(Data for analysis)
=======

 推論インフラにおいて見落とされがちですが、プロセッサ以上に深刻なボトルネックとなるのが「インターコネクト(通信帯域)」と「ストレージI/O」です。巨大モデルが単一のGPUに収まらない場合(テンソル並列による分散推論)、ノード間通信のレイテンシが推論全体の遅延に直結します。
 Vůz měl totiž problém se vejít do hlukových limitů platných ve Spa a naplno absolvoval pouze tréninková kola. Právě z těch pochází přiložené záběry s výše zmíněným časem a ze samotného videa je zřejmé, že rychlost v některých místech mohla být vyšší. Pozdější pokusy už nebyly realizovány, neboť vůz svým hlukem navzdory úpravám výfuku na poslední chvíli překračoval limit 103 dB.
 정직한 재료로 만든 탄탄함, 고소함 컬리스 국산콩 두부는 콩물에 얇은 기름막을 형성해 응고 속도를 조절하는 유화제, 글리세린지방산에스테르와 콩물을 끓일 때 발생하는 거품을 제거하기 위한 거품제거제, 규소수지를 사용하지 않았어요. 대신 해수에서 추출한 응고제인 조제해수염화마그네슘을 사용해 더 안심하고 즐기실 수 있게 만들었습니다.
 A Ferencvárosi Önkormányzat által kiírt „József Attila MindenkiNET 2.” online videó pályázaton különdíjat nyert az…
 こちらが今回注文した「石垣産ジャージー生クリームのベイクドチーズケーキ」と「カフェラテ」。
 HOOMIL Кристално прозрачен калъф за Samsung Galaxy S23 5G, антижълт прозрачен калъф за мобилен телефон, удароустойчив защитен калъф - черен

=======

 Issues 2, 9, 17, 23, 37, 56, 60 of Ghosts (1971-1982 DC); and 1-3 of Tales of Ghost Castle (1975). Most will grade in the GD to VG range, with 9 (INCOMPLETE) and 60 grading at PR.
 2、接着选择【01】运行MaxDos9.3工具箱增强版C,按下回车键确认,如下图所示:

=======

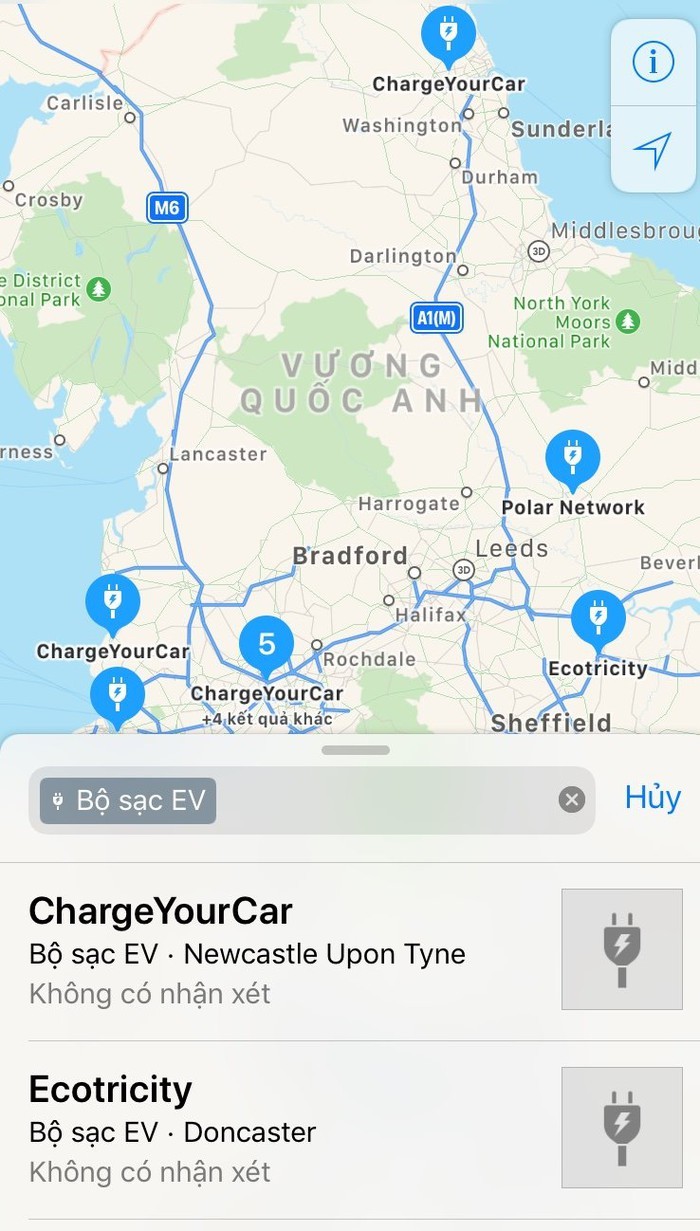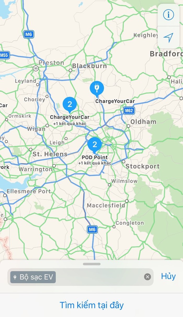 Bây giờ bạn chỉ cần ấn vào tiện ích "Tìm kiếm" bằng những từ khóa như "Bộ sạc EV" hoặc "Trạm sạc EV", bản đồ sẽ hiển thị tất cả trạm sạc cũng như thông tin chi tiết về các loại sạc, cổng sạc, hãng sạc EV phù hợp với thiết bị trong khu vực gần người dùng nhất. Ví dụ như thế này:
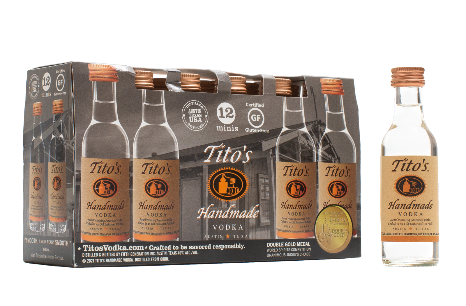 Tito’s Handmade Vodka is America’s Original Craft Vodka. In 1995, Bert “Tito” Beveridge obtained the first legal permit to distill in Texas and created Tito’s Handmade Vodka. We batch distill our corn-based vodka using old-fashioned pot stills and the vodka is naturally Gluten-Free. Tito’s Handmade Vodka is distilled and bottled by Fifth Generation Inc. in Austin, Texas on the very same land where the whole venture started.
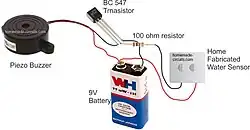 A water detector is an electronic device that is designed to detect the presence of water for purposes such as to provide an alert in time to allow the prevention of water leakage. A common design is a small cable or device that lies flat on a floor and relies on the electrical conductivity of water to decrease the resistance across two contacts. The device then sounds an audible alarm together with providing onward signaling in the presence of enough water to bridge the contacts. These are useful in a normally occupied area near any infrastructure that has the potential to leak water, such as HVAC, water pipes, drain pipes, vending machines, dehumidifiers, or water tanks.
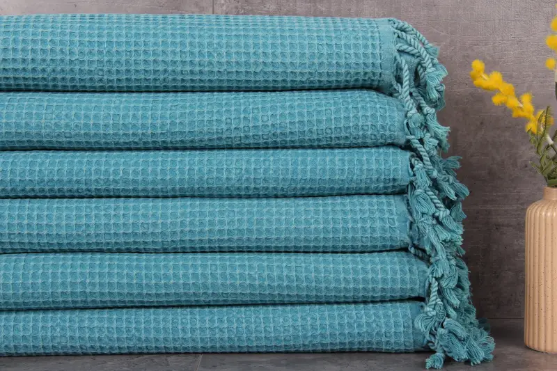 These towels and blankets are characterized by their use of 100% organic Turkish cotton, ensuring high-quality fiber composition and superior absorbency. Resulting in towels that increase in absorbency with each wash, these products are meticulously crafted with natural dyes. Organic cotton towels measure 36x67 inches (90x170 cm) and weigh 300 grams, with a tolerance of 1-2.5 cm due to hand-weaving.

=======

(Activity)
Quote the listing above, but only from the line that shows "こちらが今回注文した「石垣産" through the line that shows "HOOMIL Кристално прозрачен".

(Written solution)
 こちらが今回注文した「石垣産ジャージー生クリームのベイクドチーズケーキ」と「カフェラテ」。
 HOOMIL Кристално прозрачен калъф за Samsung Galaxy S23 5G, антижълт прозрачен калъф за мобилен телефон, удароустойчив защитен калъф - черен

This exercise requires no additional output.